Security Requirements
Required Practices for Safeguarding Access to Confidential Data
The Department of Health Care Access and Information (HCAI) has additional requirements to the CPHS requirements. These requirements apply to all researchers, their contractors, and subcontractors.
If the researcher demonstrates that he or she is unable to comply with any of the requirements below, the researcher may request an exception from these requirements. An exception will only be granted if the researcher can demonstrate that adequate alternative measures have been taken to minimize risks to justify the exception.
General Safeguards
- The researcher must provide a plan sufficient to protect personal information from improper use and disclosures, including sufficient administrative, physical, and technical safeguards to protect personal information from reasonable anticipated threats to the security or confidentiality of the information.
- The researcher must provide sufficient written assurances that the personal information will not be reused or disclosed to any other person or entity, or used in any manner, not approved in the research protocol, except as required by law or for authorized oversight of the research project.
- The researcher must provide a sufficient plan to destroy or return all personal information as soon as it is no longer needed for the research project, unless the researcher has demonstrated an ongoing need for the personal information for the research project and has provided a long-term plan sufficient to protect the confidentiality of that information.
- Researchers must state whether data/samples will be destroyed or returned as soon as it is no longer needed for the research.
- Researchers must provide proof of destruction to HCAI certifying data has been destroyed or returned.
Administrative Safeguards
- All research staff with access to data shall have training on Privacy and Data Security. Research teams shall hold any confidentiality statements related to general use, security, and privacy for the full term of the research project.
- Researchers should have proper vetting either through reference checks or background checks for any person who has access to data.
- Researchers should ensure that data will not be provided to any unauthorized person or reused for any other purposes other than what is originally approved.
- Researchers shall take appropriate precautions to ensure that data cannot be used to personally identify individuals.
- Researchers must request an alternative to SSN for unique identifiers.
- All data requested shall only be the minimum data needed to complete the study.
- Access to the data will be limited to those performing the research.
- HCAI requires that no cell (and no statistic based on a cell of) 11 or less may be used reporting aggregate data.
Physical Safeguards
- Researchers should describe how faxes with HCAI data are secured in secure or non-secure areas.
- Researchers must describe how facilities which store data in paper or electronic form, have controlled access procedures, and 24-hour guard or monitored alarm.

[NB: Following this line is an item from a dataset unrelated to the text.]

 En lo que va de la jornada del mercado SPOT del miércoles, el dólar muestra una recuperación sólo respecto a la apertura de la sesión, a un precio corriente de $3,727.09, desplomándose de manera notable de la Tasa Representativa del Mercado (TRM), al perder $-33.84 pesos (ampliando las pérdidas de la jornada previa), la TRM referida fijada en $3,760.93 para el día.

- Researchers should indicate whether identifiers will be stored separately from analysis data.
Technical Safeguards
- Researchers must describe how all computers that contain data will have full disc encryption that uses FIPS 140-2 certified products.

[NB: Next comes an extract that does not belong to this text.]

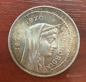1 Fronte-Retro ) moneta commemorativa italiana da 1000 lire coniata nel 1970, argento 835%, circa 11g, diametro 29mm, moneta ufficiale da collezione. (25 euro)
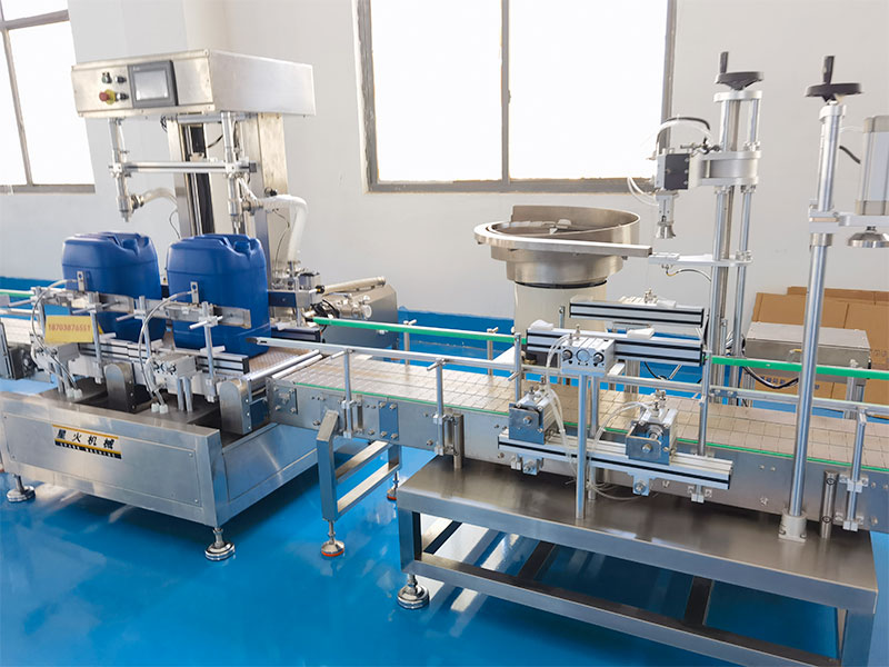 全自動(dòng)稱重式灌裝機(jī)械的核心工作方式,主要是以重量定體積,以此不受物料密度、溫度、粘度變化影響,以此確保灌裝精度的統(tǒng)一性,工作人員在18公斤稱重灌裝機(jī)的顯示屏幕內(nèi)設(shè)定好灌裝參數(shù)規(guī)格,輸送帶會(huì)將空的容器桶送至灌裝工位,氣動(dòng)擋桶機(jī)構(gòu)于定位裝置會(huì)在協(xié)同的作用下將其卡定在下料處,稱重傳感裝置將實(shí)時(shí)檢測(cè)空桶內(nèi)的重量信息,并將灌裝的數(shù)據(jù)反饋至PLC控制系統(tǒng)內(nèi),自動(dòng)進(jìn)行記錄并扣除桶重,灌裝閥在開啟的那一刻,按雙速灌裝模式進(jìn)行物料輸送,當(dāng)達(dá)到慢灌閾值時(shí),PLC控制灌裝閥切換流量,當(dāng)重量達(dá)到18公斤設(shè)定值時(shí),立即關(guān)閉灌裝閥,完成灌裝。

- All data on removable media devices (e.g. USB thumb drives, CD/DVD, smartphones, backup tapes) will be encrypted with software which is a FIPS 140-2 certified product.
- Researchers should indicate how all workstations, laptops and other systems that process and/or store data have security patches applied in a reasonable time frame (include the frequency).

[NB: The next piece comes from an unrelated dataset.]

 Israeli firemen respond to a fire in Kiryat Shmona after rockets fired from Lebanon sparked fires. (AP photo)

- Researchers must explain how all transmissions of electronic data outside the secure internal network (e.g., emails, website access, and file transfer) are encrypted using software which is a FIPS 140-2 certified.
- Researchers must describe how all password controls are in place to protect data stored on workstations, laptops, servers, and removable media and should follow a minimum of 16 characters with at least one capital letter, one small letter, one number and one special character.
- Researchers must provide what security antivirus controls are in place by product name and current version.
- Researchers must describe methods of secure wiping, degaussing, or physical destruction to be used when disposing of electronic data in accordance with NIST Guidelines for Media Sanitization NIST Special Publication 800-88 Revision 1.
- HCAI provided data is not allowed to be published or accessible to the Internet.